Home / New Decision / Labour Board allows Bakery Workers to Picket ‘Ally’ Distribution Centre

Labour Board allows Bakery Workers to Picket ‘Ally’ Distribution Centre

Canada Bread Company, Limited/Pain Canada Compagnie, Limitee and Bakery, Confectionery, Tobacco Workers and Grain Millers International Union, Local Union No. 468, BCLRB No. B101/2017 (Leave for Reconsideration denied in BCLRB No. B129/2017).

The Bakery, Confectionery, Tabacco Workers and Grain Millers International Union, Local Union No. 468 applied to the B.C. Labour Relations Board (the “Board”) to have Canada Bread’s Langley Distribution Centre declared an ally and to permit the Union to picket it pursuant to Section 65 of the Labour Relations Code (the “Code”). Section 65 of the Code permits a Union to picket at the location of a separate employer, if the Board is satisfied that the separate employer is assisting the employer whose employees are on strike or locked out to resist the job action.
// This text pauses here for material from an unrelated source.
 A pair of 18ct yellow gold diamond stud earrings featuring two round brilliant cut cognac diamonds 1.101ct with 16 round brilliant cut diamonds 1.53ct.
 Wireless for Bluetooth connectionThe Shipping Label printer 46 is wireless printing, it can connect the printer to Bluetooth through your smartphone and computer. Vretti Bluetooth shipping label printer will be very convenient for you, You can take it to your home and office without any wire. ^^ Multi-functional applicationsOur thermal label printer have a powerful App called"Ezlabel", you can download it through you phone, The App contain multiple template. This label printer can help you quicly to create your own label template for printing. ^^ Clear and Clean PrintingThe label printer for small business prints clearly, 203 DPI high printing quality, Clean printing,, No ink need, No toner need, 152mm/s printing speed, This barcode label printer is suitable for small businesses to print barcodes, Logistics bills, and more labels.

Canada Bread had locked out the Union workers at their Langley Bakery but continued to supply baked goods to their customers by increasing shipments from bakeries in other Provinces through their Distribution Centre which is under a certification to a different union.
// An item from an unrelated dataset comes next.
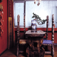 这样略施小计便独出心裁的例子多不胜数。客厅墙角的铁艺烛台,原本是一架铁艺的电灯,张咪将所有灯头都去掉,重新扭曲弯度,变成了现在这棵长满烛光的铁树。走廊里原本空旷的墙面,张咪用黑色丝绒缝制了一个大像框,再粘上羽毛,将自己一张颇具吉卜赛风格的照片嵌进去,完全成了一幅装饰画。值得一提的是张咪的餐桌,是在朋友的手工木坊里亲自动手设计的——桌面是将木头横剖,保留不规则的形状,然后再镂空嵌入玻璃,加上铜钉修饰,古朴而厚重。四把椅子更特别,一把椅子是一棵树,按照树木本来的形状打磨、镂空,造型别致。在这样的餐桌上就餐,绝对是眼睛和舌头的共同享受。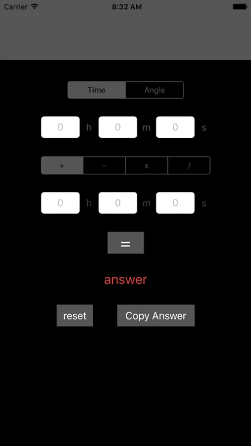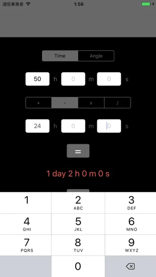you just choose [time/angle] mode and [+,-,x,/] mode and input numbers.

The Board agreed with the Union that the Distribution Centre was a separate as required by Section 65(8) of the Code.

The Board also agreed that the Distribution Centre was acting as an ally of the Langley Bakery by significantly increasing access to baked goods from other sources. In doing so, the Board held that the Distribution Centre altered its normal course of business in order to supply goods for the benefit of the struck employer.

It was irrelevant that the assistance being provided was the struck work itself (at para. 41). The Board allowed the Union’s application and authorized the Union to picket the Distribution Centre.

This decision is important for unions as it emphasizes that the purpose of the ally provisions under the Code is to prevent employers from undermining workers’ ability to apply economic pressure and to avoid prolonged labour disputes.

The Board alluded to these purposes at paragraph 58 of the Decision, where it held:

These actions are not for the benefit of the Distribution Centre. Rather, I find these actions are for the benefit of the Langley Bakery by insulating it from economic pressure and assisting it in resisting the strike.